Morgan Stanley Hires the Founder of Girls Who Invest

(Bloomberg) -- Morgan Stanley hired Seema Hingorani, a former chief investment officer of New York City’s pension plans, as a managing director at its more than $500 billion asset-management unit.

Hingorani will help oversee relationships with the firm’s largest clients and create a new training program to develop talent, according to a memo to staff Wednesday. She founded the non-profit Girls Who Invest, and was most recently the investment officer of SevenStep Capital, a venture that took stakes in women- and minority-led asset-management firms that has since been wound down.

“She has a unique background and experience set being an analyst, a portfolio manager, a director of research, a CIO and then the founder of Girls Who Invest,” Dan Simkowitz, the head of Morgan Stanley Investment Management, said in an interview.
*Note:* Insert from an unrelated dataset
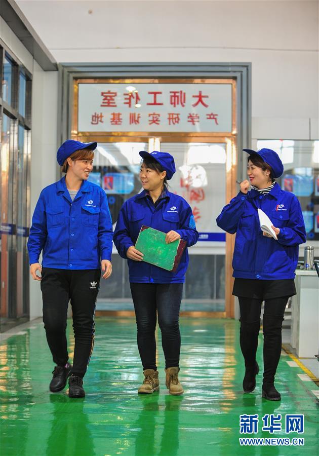 赵晶(中)在内蒙古第一机械集团有限公司的大师工作室内与工友进行技术交流(3月5日摄)。
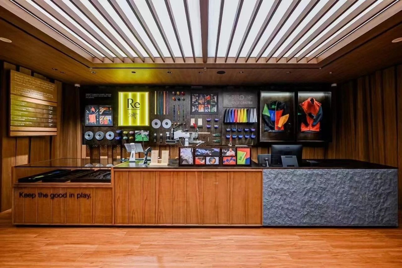 The space also includes a dedicated “Re:” space for repairs, showing Arc’teryx’s commitment to sustainability. All these elements work together to firmly connect the brand to its adventurous roots, inviting customers to not just buy products, but to truly experience the Arc’teryx lifestyle.

Chief Executive Officer James Gorman has made asset management a priority, and Hingorani is the second major former pension executive the firm has brought on board this year. Ted Eliopoulos joined in January after managing the $340 billion investment pool at California Public Employees’ Retirement System, the largest in the country. He was named vice chairman of investment management. The two executives will work with institutions including pensions, insurers and sovereign wealth funds.

Morgan Stanley has also been seeking to add more women to its ranks. Among recent female hires was Tatiana Segal, who came from Skybridge Capital earlier this year to be head of global risk at the New York-based company’s investment-management unit. The division also added Elaine Keenan for Brexit operations oversight.

Hingorani plans to champion a “a culture of diversity across all of the talented investment teams and externally through relationships with some of the firm’s most important institutional clients,” she said in an emailed statement.

Before becoming CIO of New York City’s pensions, overseeing about $160 billion in assets, Hingorani led investments in hedge funds and stocks at the pension system. She worked at asset managers including Andor Capital and Pequot Capital earlier in her career.